Entwürdigend und völlig unpassend: Bundesfinanzminister Wolfgang Schäubles (CDU) Vergleich von ankommenden Flüchtlingen mit einer Lawine hat scharfe Kritik beim Koalitionspartner SPD ausgelöst. Parteichef Sigmar Gabriel sagte: "Ich kann mir das Bild nicht zu eigen machen. Ich würde einen solchen Vergleich nicht wählen", sagte Gabriel. Fraktionschef Thomas Oppermann forderte von der Union, zur Sacharbeit zurückzukehren: "Es ist jetzt mal genug."

Bundesjustizminister Heiko Maas (SPD) twitterte: "Menschen in Not sind keine Naturkatastrophe." Die Flüchtlingsdebatte solle besonnen geführt werden, statt dass man mit Worten noch Öl ins Feuer gieße. 

Schäuble hatte den Lawinen-Vergleich auf einer Veranstaltung in Berlin gezogen. Er wisse nicht, ob diese Lawine bereits unten im Tal angekommen sei oder sich noch am oberen Ende des Hanges befinde, sagte er Berichten zufolge.

"Solidarität und christliche Nächstenliebe stärkt man jedenfalls nicht mit dramatischem Katastrophen-Vokabular" kritisierte Maas seinen Kabinettskollegen bei Spiegel Online. "Stattdessen müssen wir uns weiter an die Arbeit machen und das tun, was die Menschen zu Recht von uns erwarten."
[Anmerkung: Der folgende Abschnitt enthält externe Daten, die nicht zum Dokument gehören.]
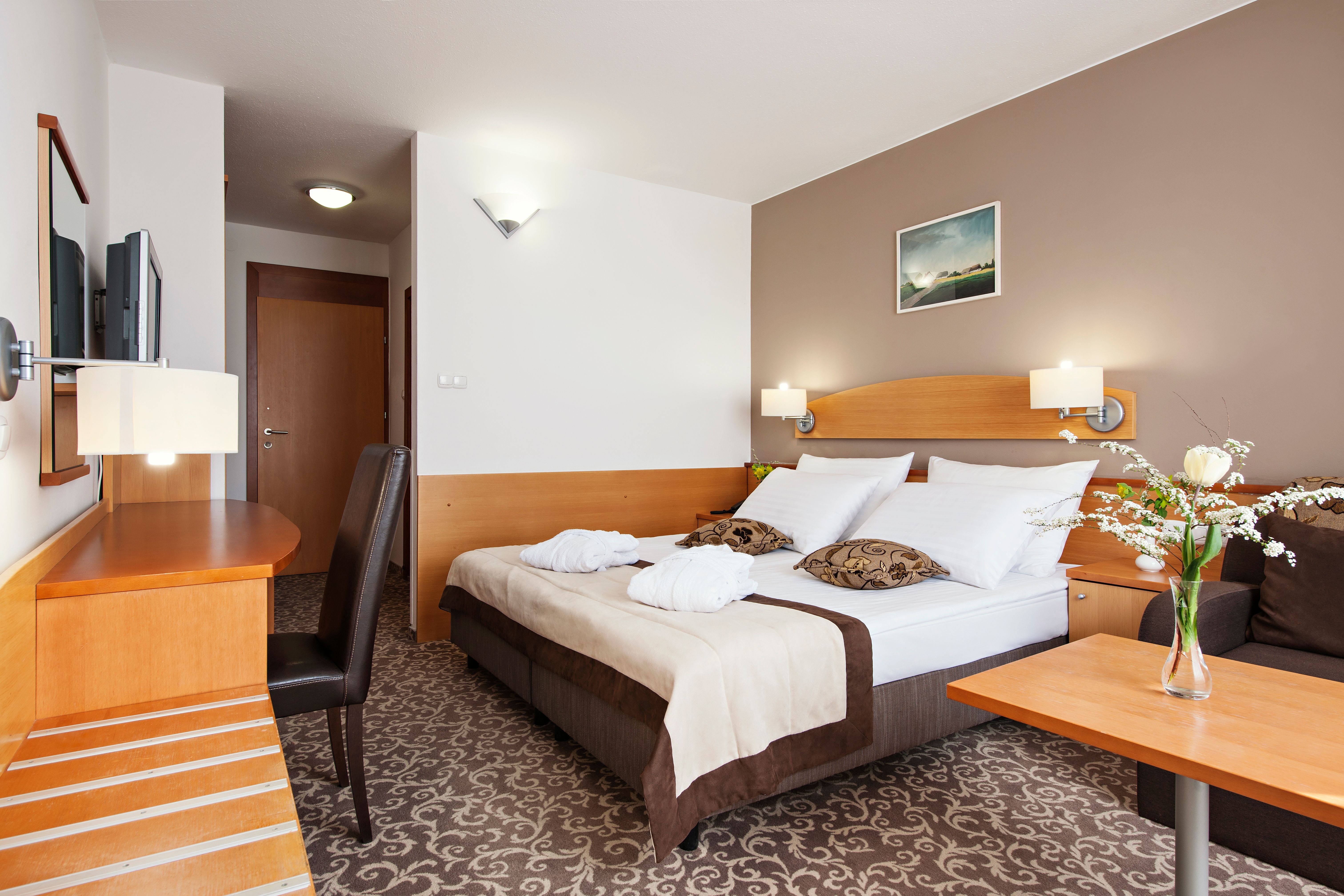 Povezani dvoposteljni sobi z ležiščem širine 180 cm ali ločenima ležiščema širine 90 cm, v vsaki sobi. V sobi (20 m2) je kopalnica s kadjo ali s tušem in WC-jem, pisalna miza ter dvosed.

SPD-Generalsekretärin Yasmin Fahimi sagte: "Der Vergleich ist völlig unpassend und den Flüchtlingen gegenüber entwürdigend." Es handele sich um Menschen, die vor Hunger und Krieg flüchteten. "Sie haben es nicht verdient, mit einer Naturkatastrophe gleichgesetzt zu werden." Auslöser für deren Flucht sei Syriens Präsident Baschar al-Assad als "tyrannischer Machthaber", sagte sie. "Das sollte Herr Schäuble im Rahmen seiner wohlfeilen Analyse nicht aus den Augen verlieren."

Der Parteichef der Linken, Bernd Riexinger, nannte die Äußerung Schäubles "so falsch wie fatal". "Um bei der Metaphorik zu bleiben wären die Millionen Flüchtenden der Bumerang für eine rücksichtslose Politik, die Kriege befeuert, Ressourcen vernichtet und Lebensgrundlagen zerstört", sagte Riexinger.

"Mit solchen Äußerungen werden Schutzbedürftige zu einer Bedrohung hochstilisiert", sagte der Geschäftsführer der Flüchtlingshilfsorganisation Pro Asyl, Günter Burkhardt. Schäubles Vergleich sei Wasser auf die Mühlen der Rechtspopulisten.